**What is required**
Find "4月25日、26日,在建校3" in the listing below, then set down only that line and each later line, unchanged, leaving out pictures.

**Data to process**
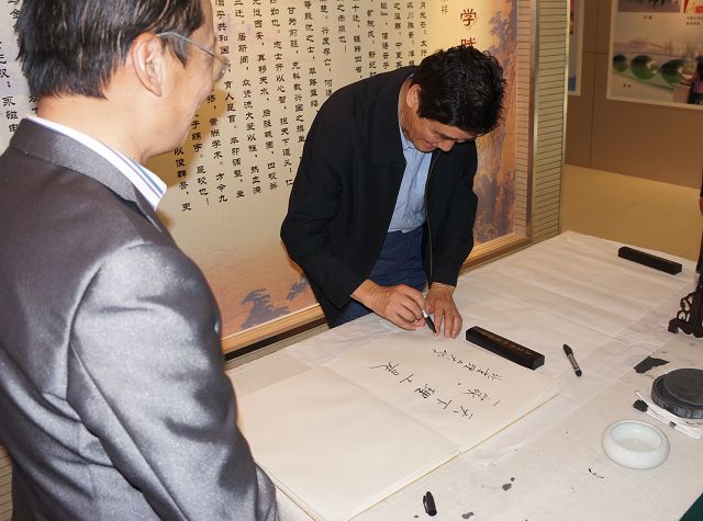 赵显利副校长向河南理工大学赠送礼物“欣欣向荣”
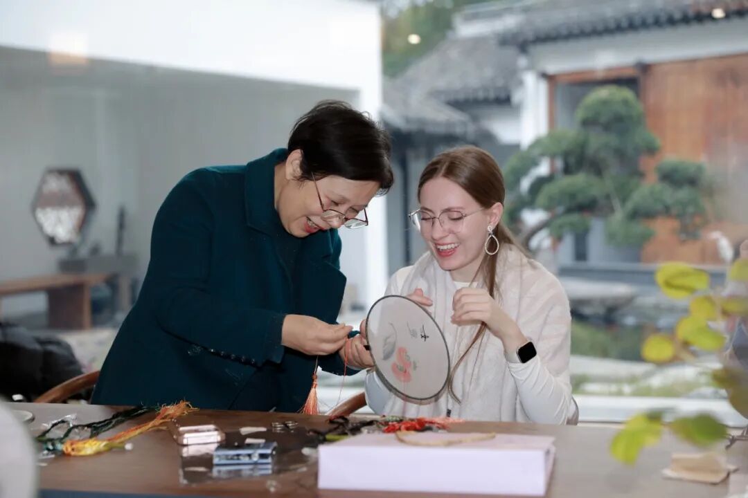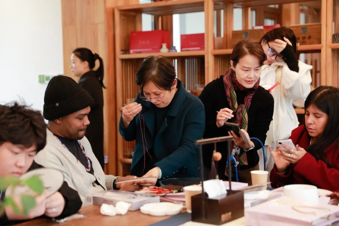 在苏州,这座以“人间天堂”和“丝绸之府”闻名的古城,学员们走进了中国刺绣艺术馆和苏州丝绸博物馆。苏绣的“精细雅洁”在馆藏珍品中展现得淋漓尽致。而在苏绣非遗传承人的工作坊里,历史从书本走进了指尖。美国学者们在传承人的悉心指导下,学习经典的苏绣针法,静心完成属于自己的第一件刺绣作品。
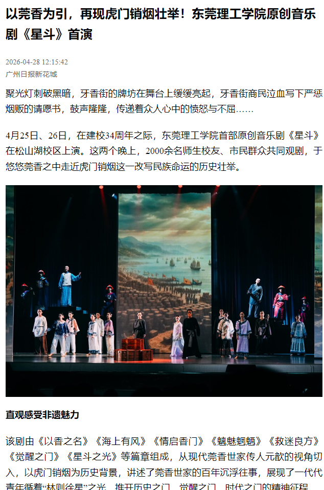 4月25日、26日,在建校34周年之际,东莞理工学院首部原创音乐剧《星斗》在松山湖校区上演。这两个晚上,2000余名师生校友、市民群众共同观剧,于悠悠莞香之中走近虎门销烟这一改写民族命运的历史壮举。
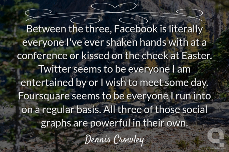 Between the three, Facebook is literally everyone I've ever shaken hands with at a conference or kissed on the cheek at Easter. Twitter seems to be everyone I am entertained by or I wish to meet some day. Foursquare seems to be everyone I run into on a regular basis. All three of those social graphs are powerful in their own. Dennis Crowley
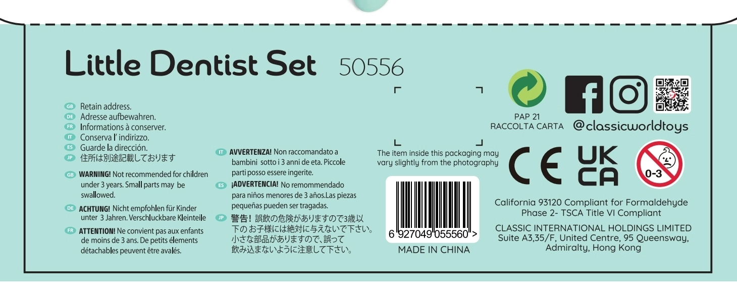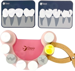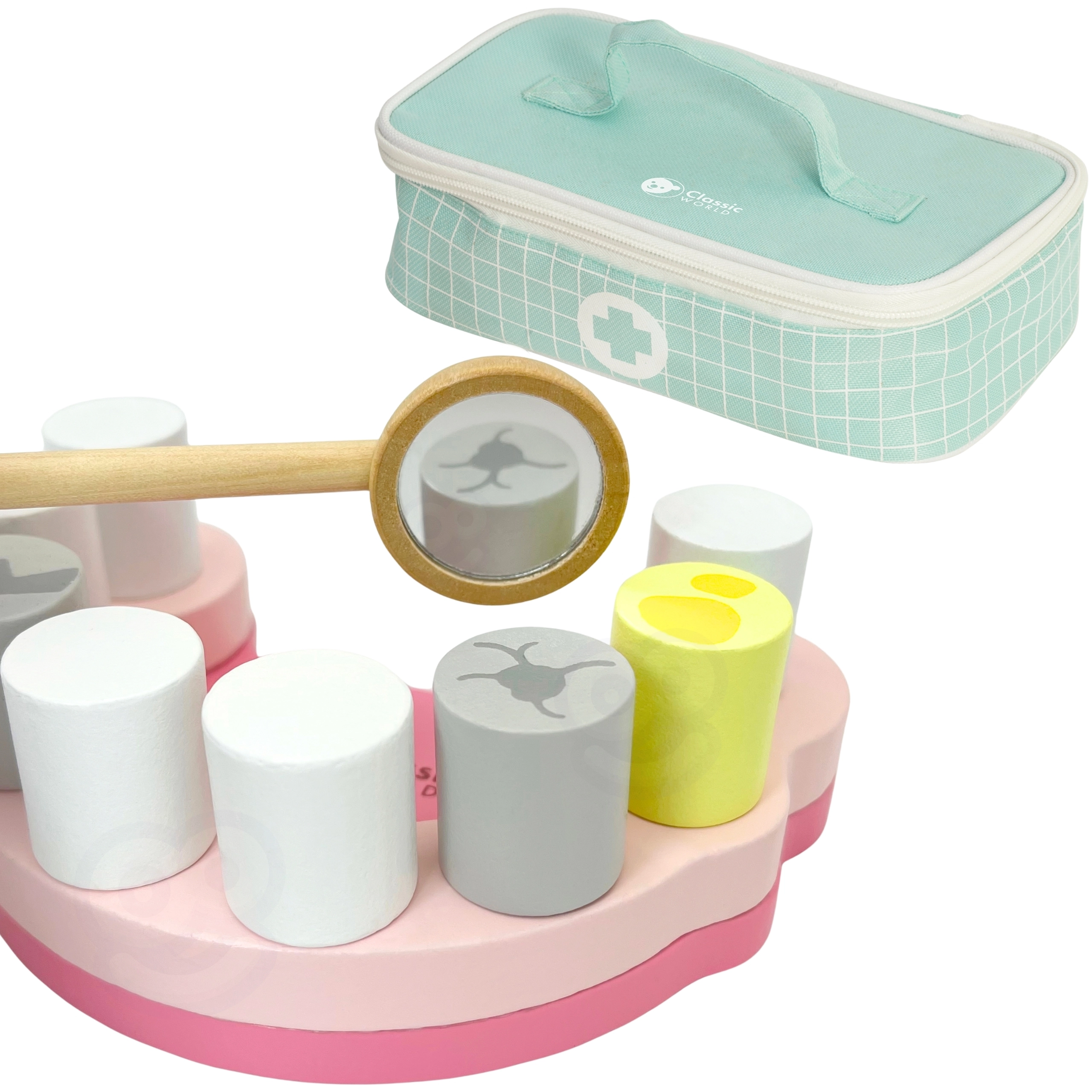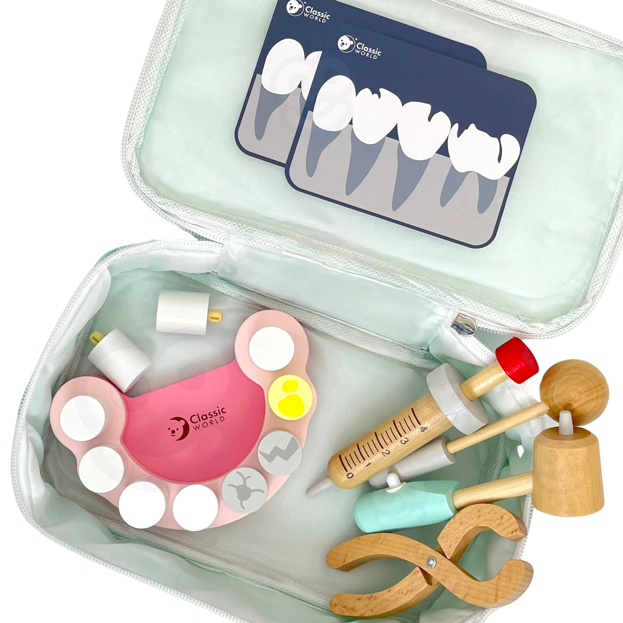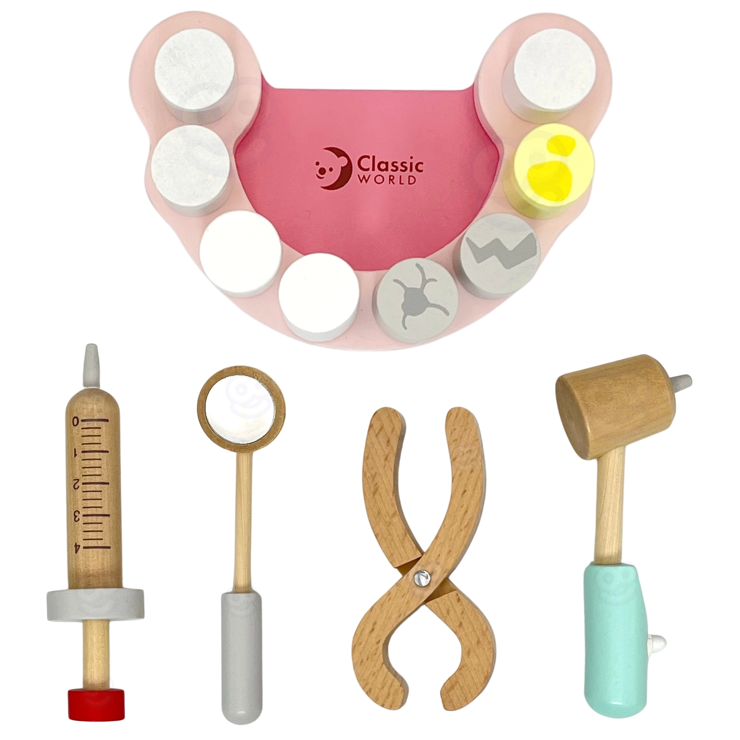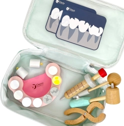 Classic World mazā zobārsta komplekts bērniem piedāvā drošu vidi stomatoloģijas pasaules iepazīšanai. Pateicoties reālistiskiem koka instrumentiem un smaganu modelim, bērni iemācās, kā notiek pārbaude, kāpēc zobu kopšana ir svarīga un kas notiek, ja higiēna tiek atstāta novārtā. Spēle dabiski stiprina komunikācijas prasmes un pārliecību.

**Exercise response**
 4月25日、26日,在建校34周年之际,东莞理工学院首部原创音乐剧《星斗》在松山湖校区上演。这两个晚上,2000余名师生校友、市民群众共同观剧,于悠悠莞香之中走近虎门销烟这一改写民族命运的历史壮举。
 Between the three, Facebook is literally everyone I've ever shaken hands with at a conference or kissed on the cheek at Easter. Twitter seems to be everyone I am entertained by or I wish to meet some day. Foursquare seems to be everyone I run into on a regular basis. All three of those social graphs are powerful in their own. Dennis Crowley
 Classic World mazā zobārsta komplekts bērniem piedāvā drošu vidi stomatoloģijas pasaules iepazīšanai. Pateicoties reālistiskiem koka instrumentiem un smaganu modelim, bērni iemācās, kā notiek pārbaude, kāpēc zobu kopšana ir svarīga un kas notiek, ja higiēna tiek atstāta novārtā. Spēle dabiski stiprina komunikācijas prasmes un pārliecību.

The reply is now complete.